Last, consider all the communication vehicles available to you for providing regular updates and responding to employee questions and concerns. Update your employees frequently but be mindful of news and hype cycles. Think critically about the information you share and the source. If you’re not sure, ask employees what is worrying them. Their fears may not be the same as yours. Use this insight to frame the content you share.
Be sure to include external stakeholders in your communication efforts such as customers, partners, investors, suppliers, and your local community. Keep them informed of your business policies at this time and how you plan to keep meeting customers’ needs. Ready.gov has resources to help your business develop a crisis communications plan.
If you are in the healthcare industry or want to help educate your community with messages around social distancing, personal hygiene, and mental health, the Ad Council has released a Coronavirus Response Toolkit that includes PSAs, social media assets, and more, that you can leverage.
Any emergency or contingency plan should account for financial risk and impacts. Regularly update and track your cash flow forecast and look for opportunities to reduce non-critical expenditure. Also review your accounts receivable and assess any credit risks. Do you have discretionary spend that can be redirected to help ensure cash flow?
A financial safety net like a business line of credit can also be useful during times like these. You can draw on funds when you need to and repay at any point in time, unlike a bank loan which has a fixed monthly repayment.
Alternatively, consider small business financial assistance programs to help you cover business expenses such as those administered by the SBA. Under the CARES Act, the SBA is providing low-interest disaster recovery loans up to $2 million to businesses impacted by the situation. These loans, funded by banks but guaranteed by the SBA, can be used to pay fixed debts, payroll, accounts payable and other bills. Long-term repayments up to a maximum of 30 years keep payments affordable.
The CARES Act also offers small business owners a $10,000 advance on an Emergency Economic Injury Disaster Loan (EIDL) that does not have to be paid back. The program provides loans up to $200,000.

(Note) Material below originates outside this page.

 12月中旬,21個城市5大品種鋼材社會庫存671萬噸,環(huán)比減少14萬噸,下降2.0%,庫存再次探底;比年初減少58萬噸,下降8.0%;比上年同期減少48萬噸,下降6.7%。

In addition to SBA loans, the federal government is also offsetting paid sick and paid leave costs for employers with an employer tax credit, equal to 100% of benefits paid.
Keep an eye on shifting developments at the government level that directly affect your work such as filing documents and turnaround times. Many Secretary of State offices have eliminated expedited services, while others have removed or greatly restricted counter service. Keep abreast of Secretary of State availability and other impacts on our COVID-19 resources page.
Having a remote workforce can also introduce new state compliance requirements that must be considered such as state payroll and income tax filing, or the need to register to do business in a new state.
With your employees safe and healthy, and your operational and financial impacts mitigated as best you can; take stock and think about how you’ll successfully restore operations when the COVID-19 pandemic is over.
This is likely to be a life-changing event that could bring a wealth of new opportunities for innovative business owners. Look for immediate gains like renegotiating contracts with suppliers and vendors. Listen to your customers and find ways to show renewed appreciation for them. Find ways to introduce greater efficiencies into your business, such as reducing your physical footprint by making permanent your work from home policies. And consider your financial situation. Are there measures you can take to ensure you have healthy cash flow and a safety net going forward?
None of us knows what’s coming next or if we’ll face a pandemic like this again in our lifetimes. But it pays to have a business continuity plan to bring your business through emergencies like COVID-19 and ensure it’s in a strong position for recovery once it has passed.